両親に養育費を全て返せと言われたあの日。大学に行きたいと言ったら家を追い出されたあの日。弟の学費を払わないと、弟も家から追い出すと言われたあの日。
もう疲れた。
世の中結局金だ。金が無きゃ最低限の幸せすら掴めない。金が欲しいのに、高卒では給料の良い仕事は見つからない。才能も得意なことも自慢出来ることもない。友達なんかひとりも居ない。俺には、何も無い。
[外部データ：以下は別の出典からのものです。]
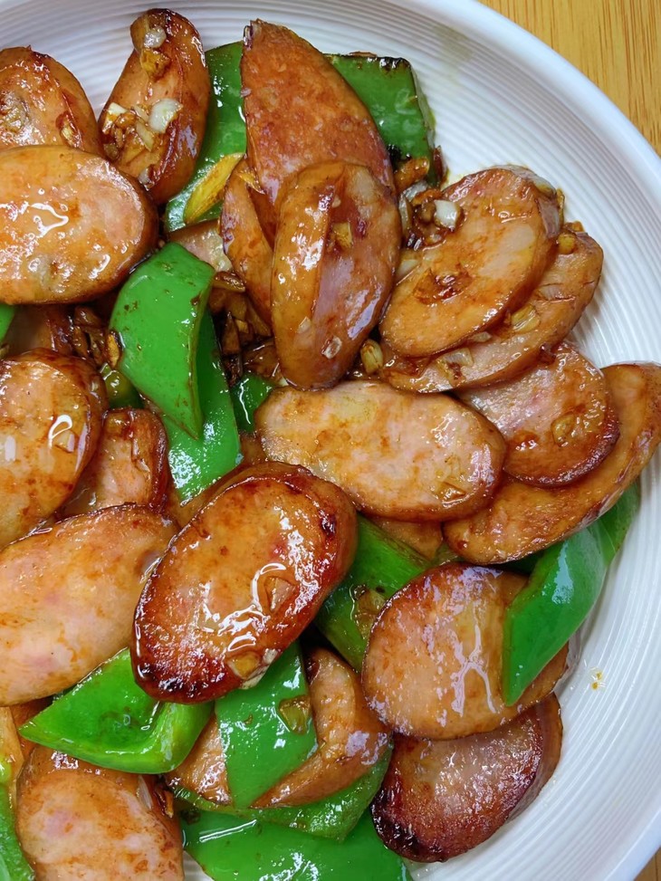 做法:锅中烧油爆香蒜末,倒入青椒翻炒,再加入红肠翻炒,再加入1勺蚝油,1勺糖翻炒均匀出锅,按自己口味放盐🧂哦

先輩がそこから居なくなっても、冷たいフローリングの床から動けずにいた。
「まだここに居たの?」
ふと聴こえた先輩の声。どうやら少し意識が飛んでいたらしい。見上げると不機嫌そうな先輩がそこに居た。
「弟くんから大体訊いたけど、流石に君が悪いよ」
冷たい声だった。心に、刺さって抜けない刃のように。身体から血の気が引いていく。
「お兄ちゃんでしょ?なんで弟に優しくできないの?」
何度も何度も、厭きる程に聞いてきた言葉。それなのに、先輩から言われたそれは心臓を抉るように鋭くて、怖くて。途端に呼吸が浅くなる。気を抜いたらバラバラに壊れてしまいそうだ。
「……すみません」
先輩の目を見るのが怖くて、俯いたまま謝る。それしか今の俺には出来ない。
「……君の言い分も訊かせて」
「大丈夫、です。俺が悪いんで」
「……頭は、痛いの?」
「……ぁ、れは、嘘、で……はは、すみませ、ん」
これ以上優しくされたら泣いてしまう。泣いてしまったら全てが決壊して戻れなくなりそうで。この人は、ただのバイト先の先輩。大学を卒業したら就職して、バイトを辞めていく人。去っていく人。だから甘えてはいけない。
「もう、大丈夫ですから」
目を伏せていても視線を感じる。見られている。先輩が今どんな目で俺を見ているのか、どんな表情をしているのか知るのが怖い。考えたくもない。
「……帰ってください」
どうせ嫌われているのだから、もういい。